Let EF be produced in both directions to the points G , H , let the centre K of the circle ABC be taken [[III. 1](elem.3.1)], and let the straight line KB be drawn across at random; on the straight line KB , and at the point K on it, let the angle BKA be constructed equal to the angle DEG , and the angle BKC equal to the angle DFH ; [[I. 23](elem.1.23)] and through the points A , B , C let LAM , MBN , NCL be drawn touching the circle ABC . [[III. 16, Por.](elem.3.16.p.1)]

Now, since LM , MN , NL touch the circle ABC at the points A , B , C , and KA , KB , KC have been joined from the centre K to the points A , B , C , therefore the angles at the points A , B , C are right. [[III. 18](elem.3.18)]

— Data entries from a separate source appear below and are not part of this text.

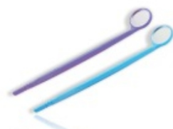
Dis . mouth mirror Assorted colour pack / 100 pcs.
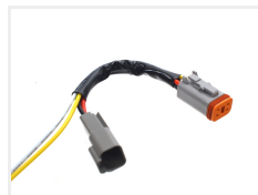
Accessori, Adapter cable - 4-pin to 2-pin
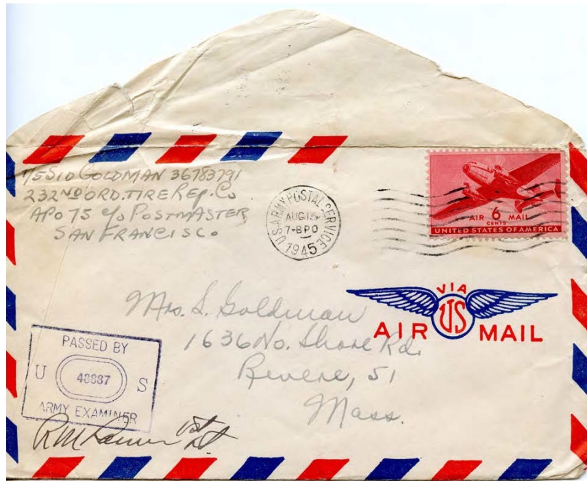
Figure 1: Letter 6, envelope.
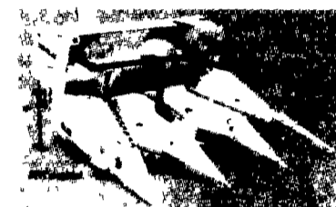
For row crop applications, the new three-row 3PN features new spacing from 28" to 32"
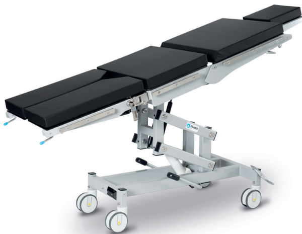
Anty-Trendelenburg position 15°
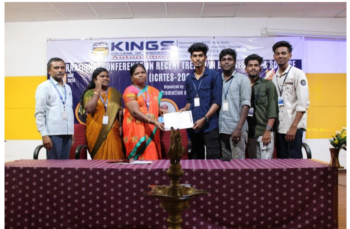
HoD's distributing certificates to the participants
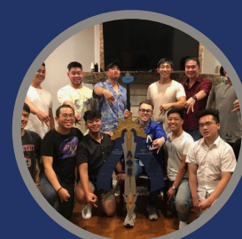
Chapter Charter: The Ohio State University, Associate Chapter
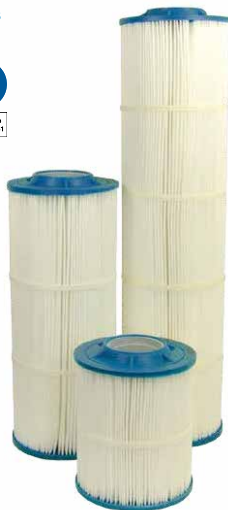
Premium Hurricane® Harmsco-Free Cartridges
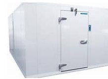
8'x10' Walk In 8'x20' Walk In Refrigerator or Freezer 240v 30A

And, since the four angles of the quadrilateral AMBK are equal to four right angles, inasmuch as AMBK is in fact divisible into two triangles, and the angles KAM , KBM are right,
therefore the remaining angles AKB , AMB are equal to two right angles.

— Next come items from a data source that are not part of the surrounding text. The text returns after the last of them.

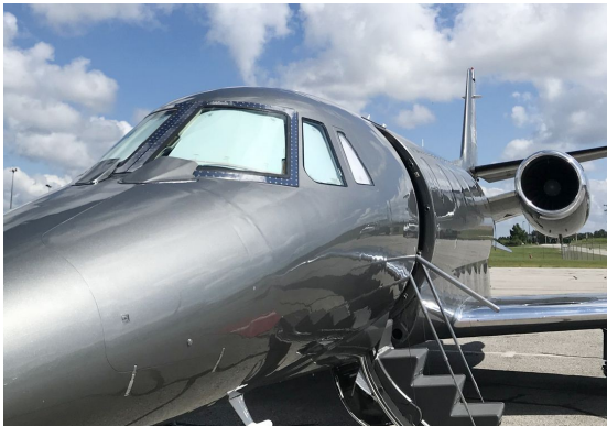
Cessna Citation 560XL Cockpit HeatShields
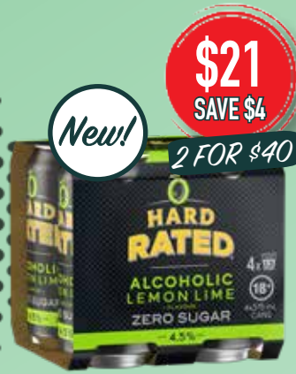
Hard Rated Lemon Lime Zero Sugar 4 pack cans inc. Lemon & Lemon Zero Sugar RRP $25
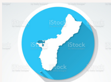
UNIVERSITY OF GUAM

But the angles DEG , DEF are also equal to two right angles; [[I. 13](elem.1.13)] therefore the angles AKB , AMB are equal to the angles DEG , DEF , of which the angle AKB is equal to the angle DEG ; therefore the angle AMB which remains is equal to the angle DEF which remains.

Similarly it can be proved that the angle LNB is also equal to the angle DFE ; therefore the remaining angle MLN is equal to the angle EDF . [[I. 32](elem.1.32)]

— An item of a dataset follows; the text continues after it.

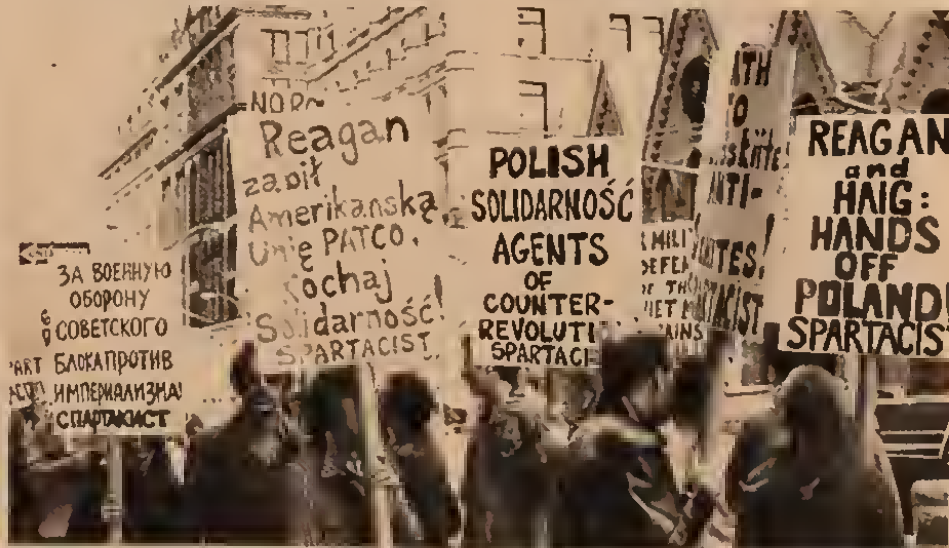
September 1981: When Social Democrats sponsored Solidarność office in New York, Spartacist League exposed Polish company union for CIA and bankers.

The labor bureaucracy, thanks to craven capitulation before capitalism's assault on the living standards and basic rights of workers and black people, is hardly riding a tide of membership confidence. Real socialist militants in the unions have a base of support for their democratic rights among their fellow union members. Certainly we don't welcome what looks like a pattern of victimization and violence directed against friends of the Spartacist League in the labor movement. But we will use these attacks to win to our side new supporters, people who know that working people will never win anything unless they fight. ■

Therefore the triangle LMN is equiangular with the triangle DEF ; and it has been circumscribed about the circle ABC .

Therefore about a given circle there has been circumscribed a triangle equiangular with the given triangle. Q. E. F.

at random, literally as it may chance,

ὡς ἕτυχεν . The same expression is used in [III. 1](elem.3.1) and commonly.

is in fact divisible, καὶ διαιρεῖται , literally is actually divided.